📖 Kur’an’da Kelimelerin Tarifi ve Anlamın Saptırılması
1. Giriş: Kelimenin Hakikati
Kur’an’da “kelime” sadece sesli bir ifade değil, aynı zamanda hakikati, yasayı, ilkeleri ve vahyi temsil eden köklü bir kavramdır. “Kelimâtullâh” yani Allah’ın kelimeleri; doğruluk, adalet ve hidayet yüklü anlamlar taşır (En‘âm 115). Bu nedenle kelimenin anlamı, içeriği ve konumu, Kur’an’a göre sorumluluk yüklü bir mesele haline gelir.
---
2. Kelimeleri Yerinden Saptırmak (Tahrif)
Kur’an, geçmiş toplumların Allah’ın kelimelerini “yerinden saptırdığını” bildirir. Bu yalnızca lafzı değiştirmek değil, daha çok anlamı bağlamından koparıp başka maksatlarla kullanmak anlamına gelir:
> “Onlar sözü yerlerinden değiştiriyorlar (yuharrifûne el-kelime ‘an mevâdi‘ihî).”
(Maide 13)
Bu uyarı, sadece Ehl-i Kitap’a değil, vahiy ile muhatap olan herkese yöneliktir. Çünkü hakikatin kelimelerle çarpıtılması, toplumsal bozulmanın temelidir.
---
3. Eğip Bükerek Konuşturmak: Anlam Tahrifi
Kur’an, bazı kişilerin dini kelimeleri dillerini eğip bükerek, onları gerçek anlamlarından uzaklaştırarak kullandıklarını bildirir:
> “Kitap’tan sanasınız diye, dillerini Kitap’la eğip bükerler.
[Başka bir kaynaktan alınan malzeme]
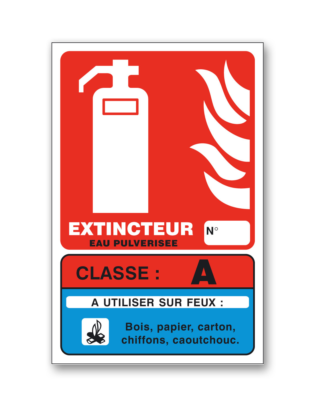 Ce panneau symbolise la présence d’un extincteur pour les feux de Classe A. Il indique en desous son mode d’emploi

Oysa söyledikleri Kitap’tan değildir…”
(Âl-i İmrân 78)
Bu tutum, kelimenin değil, niyetin bozulmasıyla gerçekleşen bir anlam tahrifidir. Kur’an, kelimelerin niyetle birlikte anlam kazandığını vurgular.
---
4. Hakkı Gizlemek, Kelimeyi Örtmektir
Bazı kimseler, bildikleri halde hakkı gizler. Bu da kelimeyi tarif etmenin başka bir biçimidir:
> “Gerçeği bildikleri halde gizliyorlar.”
(Bakara 146)
> “Kelimeyi duyup da sonra bilerek onu tahrif edenler...”
(Bakara 75)
Burada kelimeyi duyup, doğru anlamı örtmek, hakikate karşı yapılan bilinçli bir eylem olarak tanımlanır.
---
5. Allah’ın Kelimesi Sabittir ve Bozulmaz
Kur’an, bozulmayan tek sözün, Allah’ın kelimesi olduğunu bildirir. O söz doğru ve adildir:
> “Rabbinin kelimesi doğruluk ve adalet bakımından tamamlanmıştır.”
(En‘âm 115)
Bu kelimeler sabittir, değiştirilemez:
> “Allah’ın kelimeleri için değişme yoktur.”
(Yunus 64, Kehf 27)
---
6. Tahrif ile Tevil Arasındaki Ayrım
Kur’an, bazı ayetlerin anlam bakımından “müteşâbih” olduğunu ve onların anlamına ulaşmanın niyetle ilişkili olduğunu söyler. Tevil, doğru niyetle yapılırsa anlamı açar; eğrilik taşıyan kalpler ise anlamı arzularına göre eğer:
> “Kalplerinde eğrilik olanlar, fitne aramak ve onu kendi arzularına göre tevil etmek için müteşâbih ayetlerin peşine düşer.”
(Âl-i İmrân 7)
Burada niyet, kelimenin doğru kullanımını belirleyen temel ölçüdür.
---
7. Sonuç: Kelimenin Sadakati Hakikate Olmalıdır
Kur’an’a göre kelimeler, hakikatin taşıyıcısıdır. Anlamı bozmak, sadece bir dil oyunu değil; aynı zamanda hakikate, topluma ve Allah’a karşı işlenmiş bir sorumsuzluktur. “Kelime”, ancak “sıdk” ve “adl” temelinde kullanıldığında yerli yerindedir. Bu yüzden Kur’an, kelimelerin sadakatle korunmasını bir emanet olarak sunar.